A federated warehouse structure, with virtual integration, would be a viable option for many sites, says Chute. "If we were to start today, we might seriously pursue that as an overarching architecture. But our warehouse activity started in earnest about a decade ago, before federated, distributed computing was reliable."
Integration and exchange
On the integration and data standards side, the consolidated clinical data is indirectly saving money, improving privacy and workflow, according to Chute. It also is improving care because with more information available, "you get a more complete picture of what's going on with the patient than you'd get in a thumbnail view in any particular registry.

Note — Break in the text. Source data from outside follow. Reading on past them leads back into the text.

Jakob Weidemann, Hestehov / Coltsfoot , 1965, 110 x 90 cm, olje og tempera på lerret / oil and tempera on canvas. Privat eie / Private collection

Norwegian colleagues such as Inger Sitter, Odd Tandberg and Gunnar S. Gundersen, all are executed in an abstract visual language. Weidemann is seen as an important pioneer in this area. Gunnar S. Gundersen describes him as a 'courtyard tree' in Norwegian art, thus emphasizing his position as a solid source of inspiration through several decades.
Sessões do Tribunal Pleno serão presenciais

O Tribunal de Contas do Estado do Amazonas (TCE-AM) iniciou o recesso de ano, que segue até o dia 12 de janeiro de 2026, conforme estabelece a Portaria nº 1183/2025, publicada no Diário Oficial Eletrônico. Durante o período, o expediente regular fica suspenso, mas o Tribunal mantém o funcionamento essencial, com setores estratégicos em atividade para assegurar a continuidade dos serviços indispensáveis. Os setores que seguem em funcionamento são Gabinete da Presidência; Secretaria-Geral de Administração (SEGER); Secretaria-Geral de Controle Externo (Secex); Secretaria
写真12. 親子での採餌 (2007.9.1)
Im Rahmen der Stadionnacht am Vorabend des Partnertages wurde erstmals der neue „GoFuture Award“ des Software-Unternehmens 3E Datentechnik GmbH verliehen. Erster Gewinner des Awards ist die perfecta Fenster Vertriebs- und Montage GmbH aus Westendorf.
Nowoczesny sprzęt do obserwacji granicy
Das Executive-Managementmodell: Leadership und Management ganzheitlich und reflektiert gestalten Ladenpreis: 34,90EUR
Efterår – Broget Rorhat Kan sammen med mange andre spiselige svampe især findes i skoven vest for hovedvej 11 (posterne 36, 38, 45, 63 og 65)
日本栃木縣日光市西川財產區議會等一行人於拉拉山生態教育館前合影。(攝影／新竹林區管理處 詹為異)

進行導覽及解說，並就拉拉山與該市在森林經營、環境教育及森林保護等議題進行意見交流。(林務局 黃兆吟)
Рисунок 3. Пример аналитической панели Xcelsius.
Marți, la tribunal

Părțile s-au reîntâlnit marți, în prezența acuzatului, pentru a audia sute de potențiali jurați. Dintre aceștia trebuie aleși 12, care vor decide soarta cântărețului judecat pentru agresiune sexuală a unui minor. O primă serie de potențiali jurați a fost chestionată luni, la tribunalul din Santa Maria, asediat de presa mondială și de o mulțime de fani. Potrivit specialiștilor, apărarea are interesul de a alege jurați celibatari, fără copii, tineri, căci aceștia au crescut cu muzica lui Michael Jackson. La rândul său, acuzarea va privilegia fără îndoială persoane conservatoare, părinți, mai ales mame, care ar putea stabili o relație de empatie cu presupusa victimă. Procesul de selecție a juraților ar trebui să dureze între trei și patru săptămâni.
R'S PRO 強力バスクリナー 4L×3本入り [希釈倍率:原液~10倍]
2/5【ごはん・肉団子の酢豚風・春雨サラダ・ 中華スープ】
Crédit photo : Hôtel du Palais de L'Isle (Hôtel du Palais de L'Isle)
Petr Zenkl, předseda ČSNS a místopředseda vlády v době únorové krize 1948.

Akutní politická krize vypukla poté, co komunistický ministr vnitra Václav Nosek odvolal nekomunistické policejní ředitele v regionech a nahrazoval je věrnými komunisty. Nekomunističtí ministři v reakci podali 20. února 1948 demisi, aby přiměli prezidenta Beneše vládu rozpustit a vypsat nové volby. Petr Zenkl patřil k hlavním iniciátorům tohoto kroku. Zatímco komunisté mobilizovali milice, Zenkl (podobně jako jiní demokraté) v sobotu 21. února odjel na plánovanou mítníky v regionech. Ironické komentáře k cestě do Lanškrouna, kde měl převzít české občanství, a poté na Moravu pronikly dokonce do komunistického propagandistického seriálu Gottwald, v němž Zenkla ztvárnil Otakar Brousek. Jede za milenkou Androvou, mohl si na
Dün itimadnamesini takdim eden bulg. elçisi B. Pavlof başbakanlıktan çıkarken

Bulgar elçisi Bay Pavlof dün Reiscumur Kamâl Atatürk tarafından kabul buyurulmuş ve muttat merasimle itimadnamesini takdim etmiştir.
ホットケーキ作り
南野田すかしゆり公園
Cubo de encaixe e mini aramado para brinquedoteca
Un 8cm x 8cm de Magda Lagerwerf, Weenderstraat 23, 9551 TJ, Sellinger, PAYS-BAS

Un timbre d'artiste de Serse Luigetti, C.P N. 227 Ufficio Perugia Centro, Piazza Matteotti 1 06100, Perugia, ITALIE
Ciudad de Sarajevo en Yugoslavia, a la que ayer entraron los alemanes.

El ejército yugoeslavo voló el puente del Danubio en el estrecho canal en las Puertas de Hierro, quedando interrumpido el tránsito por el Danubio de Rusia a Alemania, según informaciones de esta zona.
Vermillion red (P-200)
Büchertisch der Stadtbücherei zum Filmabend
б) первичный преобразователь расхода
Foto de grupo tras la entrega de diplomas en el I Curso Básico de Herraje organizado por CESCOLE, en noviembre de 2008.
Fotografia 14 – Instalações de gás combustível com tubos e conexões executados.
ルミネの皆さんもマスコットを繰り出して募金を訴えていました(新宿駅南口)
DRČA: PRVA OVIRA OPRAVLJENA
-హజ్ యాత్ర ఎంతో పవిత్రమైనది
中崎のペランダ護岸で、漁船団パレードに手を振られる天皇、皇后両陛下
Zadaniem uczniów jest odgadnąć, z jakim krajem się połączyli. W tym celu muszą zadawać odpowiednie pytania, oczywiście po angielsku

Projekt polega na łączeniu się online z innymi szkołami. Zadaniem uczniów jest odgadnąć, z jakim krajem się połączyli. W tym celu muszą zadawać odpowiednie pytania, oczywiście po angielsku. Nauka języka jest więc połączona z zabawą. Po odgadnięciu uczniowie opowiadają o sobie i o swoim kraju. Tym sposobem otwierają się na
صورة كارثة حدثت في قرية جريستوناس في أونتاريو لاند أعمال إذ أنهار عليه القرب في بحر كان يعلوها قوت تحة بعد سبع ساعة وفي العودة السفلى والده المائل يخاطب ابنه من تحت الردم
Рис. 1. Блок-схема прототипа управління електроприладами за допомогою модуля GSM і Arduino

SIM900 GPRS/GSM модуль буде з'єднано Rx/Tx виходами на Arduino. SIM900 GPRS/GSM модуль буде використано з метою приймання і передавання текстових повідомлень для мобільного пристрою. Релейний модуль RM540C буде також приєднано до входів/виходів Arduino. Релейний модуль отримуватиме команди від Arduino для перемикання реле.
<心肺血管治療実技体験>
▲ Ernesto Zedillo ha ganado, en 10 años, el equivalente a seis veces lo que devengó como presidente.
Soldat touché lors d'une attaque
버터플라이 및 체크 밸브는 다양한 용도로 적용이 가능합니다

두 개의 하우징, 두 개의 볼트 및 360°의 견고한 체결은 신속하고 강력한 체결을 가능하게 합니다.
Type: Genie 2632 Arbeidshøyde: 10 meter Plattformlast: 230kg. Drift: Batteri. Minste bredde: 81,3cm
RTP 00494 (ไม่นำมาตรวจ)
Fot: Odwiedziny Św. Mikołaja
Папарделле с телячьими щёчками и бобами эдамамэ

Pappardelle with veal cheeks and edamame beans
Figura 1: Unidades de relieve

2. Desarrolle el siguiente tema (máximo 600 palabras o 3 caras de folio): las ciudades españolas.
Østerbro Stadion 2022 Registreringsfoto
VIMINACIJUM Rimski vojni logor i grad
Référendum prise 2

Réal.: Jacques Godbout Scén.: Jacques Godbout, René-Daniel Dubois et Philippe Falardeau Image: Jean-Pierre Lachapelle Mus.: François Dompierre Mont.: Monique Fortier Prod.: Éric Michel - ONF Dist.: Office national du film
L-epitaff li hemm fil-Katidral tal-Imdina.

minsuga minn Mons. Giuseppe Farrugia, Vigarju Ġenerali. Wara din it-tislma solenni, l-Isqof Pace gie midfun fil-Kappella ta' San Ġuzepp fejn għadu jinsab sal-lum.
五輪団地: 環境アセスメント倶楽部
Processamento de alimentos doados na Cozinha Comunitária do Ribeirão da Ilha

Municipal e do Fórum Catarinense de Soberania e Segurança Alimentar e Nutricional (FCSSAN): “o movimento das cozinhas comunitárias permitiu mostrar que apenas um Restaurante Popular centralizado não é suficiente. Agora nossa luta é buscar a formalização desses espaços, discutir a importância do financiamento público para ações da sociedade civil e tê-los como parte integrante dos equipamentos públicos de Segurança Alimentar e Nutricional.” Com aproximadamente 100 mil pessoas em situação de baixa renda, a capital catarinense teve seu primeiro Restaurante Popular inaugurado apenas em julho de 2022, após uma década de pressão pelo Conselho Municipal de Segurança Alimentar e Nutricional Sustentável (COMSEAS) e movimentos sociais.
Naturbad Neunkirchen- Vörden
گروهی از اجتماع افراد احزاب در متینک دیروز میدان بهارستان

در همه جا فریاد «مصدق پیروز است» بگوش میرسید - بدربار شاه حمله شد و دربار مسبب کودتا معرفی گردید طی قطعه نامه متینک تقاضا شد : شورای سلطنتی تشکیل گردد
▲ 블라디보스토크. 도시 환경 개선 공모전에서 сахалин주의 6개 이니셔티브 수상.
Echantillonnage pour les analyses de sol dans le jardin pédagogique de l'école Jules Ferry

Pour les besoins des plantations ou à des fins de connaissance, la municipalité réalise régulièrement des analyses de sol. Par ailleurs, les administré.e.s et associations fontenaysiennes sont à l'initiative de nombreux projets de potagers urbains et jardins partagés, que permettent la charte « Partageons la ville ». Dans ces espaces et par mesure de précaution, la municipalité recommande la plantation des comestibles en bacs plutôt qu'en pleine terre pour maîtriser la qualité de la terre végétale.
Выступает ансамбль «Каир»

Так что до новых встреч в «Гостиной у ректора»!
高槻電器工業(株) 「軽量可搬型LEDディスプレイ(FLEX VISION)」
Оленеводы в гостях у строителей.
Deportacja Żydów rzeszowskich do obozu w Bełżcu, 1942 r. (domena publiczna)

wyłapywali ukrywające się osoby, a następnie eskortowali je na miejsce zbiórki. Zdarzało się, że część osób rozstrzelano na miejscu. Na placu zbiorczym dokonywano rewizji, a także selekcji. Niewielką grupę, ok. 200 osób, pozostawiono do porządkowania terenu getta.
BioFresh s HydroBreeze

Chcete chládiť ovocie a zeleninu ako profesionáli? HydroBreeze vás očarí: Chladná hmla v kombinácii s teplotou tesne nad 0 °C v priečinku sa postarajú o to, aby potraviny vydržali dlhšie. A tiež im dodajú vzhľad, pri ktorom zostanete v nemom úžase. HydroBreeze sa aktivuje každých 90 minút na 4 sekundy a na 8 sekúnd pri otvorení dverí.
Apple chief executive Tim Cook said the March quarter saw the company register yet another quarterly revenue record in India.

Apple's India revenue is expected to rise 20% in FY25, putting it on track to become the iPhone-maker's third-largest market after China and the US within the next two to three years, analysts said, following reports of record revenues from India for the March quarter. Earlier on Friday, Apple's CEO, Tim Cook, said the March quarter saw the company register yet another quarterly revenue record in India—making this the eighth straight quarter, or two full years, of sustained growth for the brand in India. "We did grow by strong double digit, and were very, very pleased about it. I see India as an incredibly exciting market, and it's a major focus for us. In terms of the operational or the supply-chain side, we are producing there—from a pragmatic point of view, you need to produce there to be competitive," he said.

It's much more holistic to look at all information associated with patients regardless of which department systems it came from or which computer they were seen on," he says.A flow of CDR information into HIEs is also over the horizon for many organizations. "I seriously doubt we will see public CDRs in RHIOs [regional health information organizations] or state-based HIEs any time soon," Adkins predicts, although the major issues may be political rather than technical, and the hospital systems might want to own the HIEs as an outreach tool to drive referrals, limiting what can be done in the public sector.
Carilion also is not exchanging CDR data with an HIE, according to Morgan. "In Virginia, we are a little behind with data exchange other than what's been necessary for meaningful use," he says. The topic of HIE connection has come in the context of Carilion's five-year plan, but currently, "there is nothing active going on as far as HIE data exchange."
Regardless of what entities exchange data with a CDR, systems that can keep data as intact as possible have some advantages. "Unfragmented data are going to be more reliable as the basis for making inferences and understanding practice patterns," Chute says.